* [WORK TASK] Please output the lines from the one with "Design effect (1.5)" through the end of the data exactly as written, omitting all pictures.

* [RECORDED INFORMATION]
((

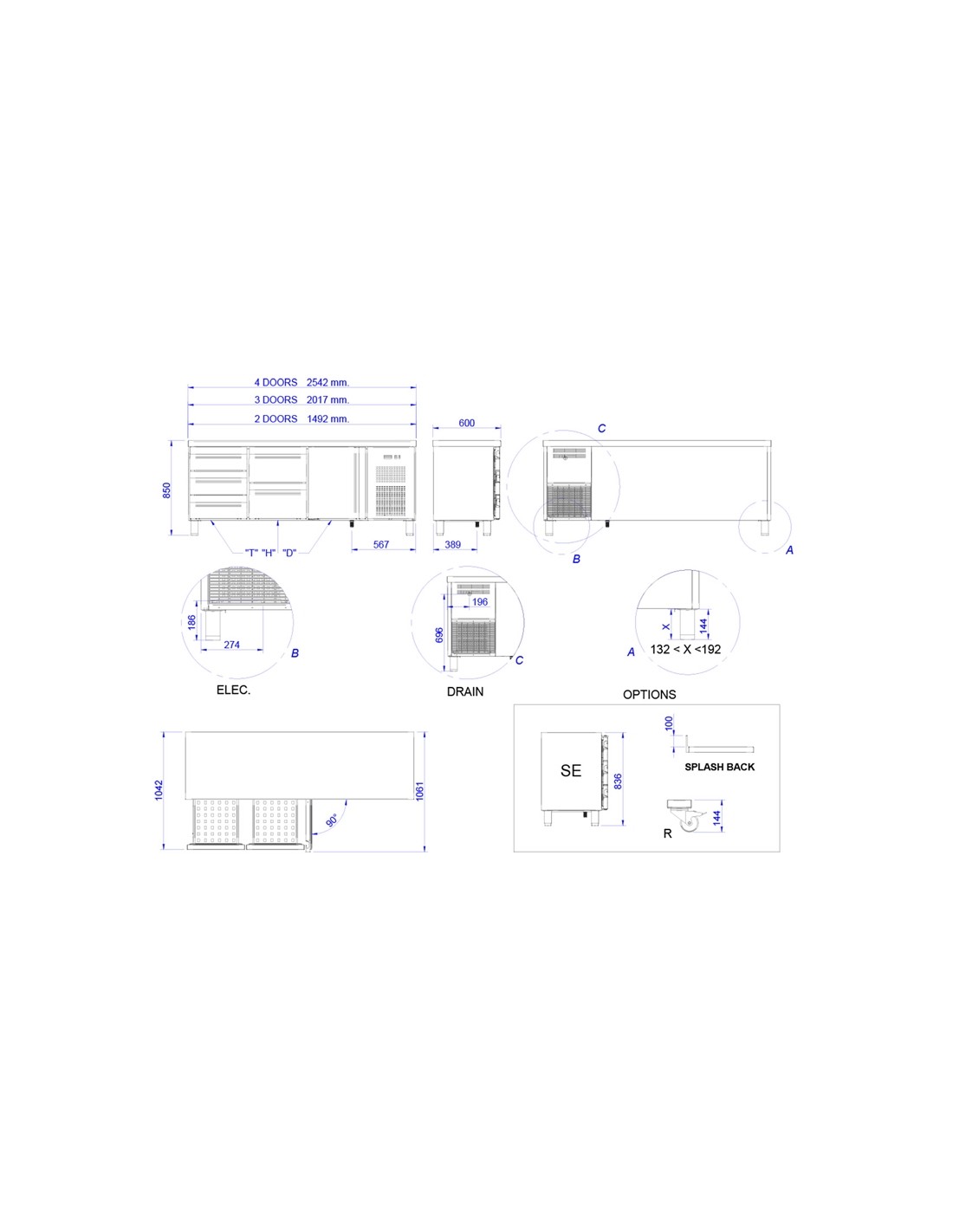 - Dimensiones: 2542x600x850mm
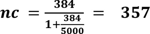 Design effect (1.5) will be used Since we use a three-stage sampling technique (hierarchies), a 10% response rate will be considered. Now since the calculated sample size is < 10% of the Population, the Correction formula for a finite population is needed to be applied. Correction Formula for final sample size =
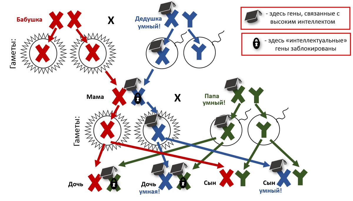 Видите, от бабушки мама получила не особо "интеллектуальную" Х-хромосому, а от дедушки -очень даже "умную". Но дедушкины "умные" гены ей не помогли, потому что гены, отвечающие за интеллект, приходящие в женский генотип от отца, блокируются.

))

* [SOLUTION TO THE PROBLEM]
 Design effect (1.5) will be used Since we use a three-stage sampling technique (hierarchies), a 10% response rate will be considered. Now since the calculated sample size is < 10% of the Population, the Correction formula for a finite population is needed to be applied. Correction Formula for final sample size =
 Видите, от бабушки мама получила не особо "интеллектуальную" Х-хромосому, а от дедушки -очень даже "умную". Но дедушкины "умные" гены ей не помогли, потому что гены, отвечающие за интеллект, приходящие в женский генотип от отца, блокируются.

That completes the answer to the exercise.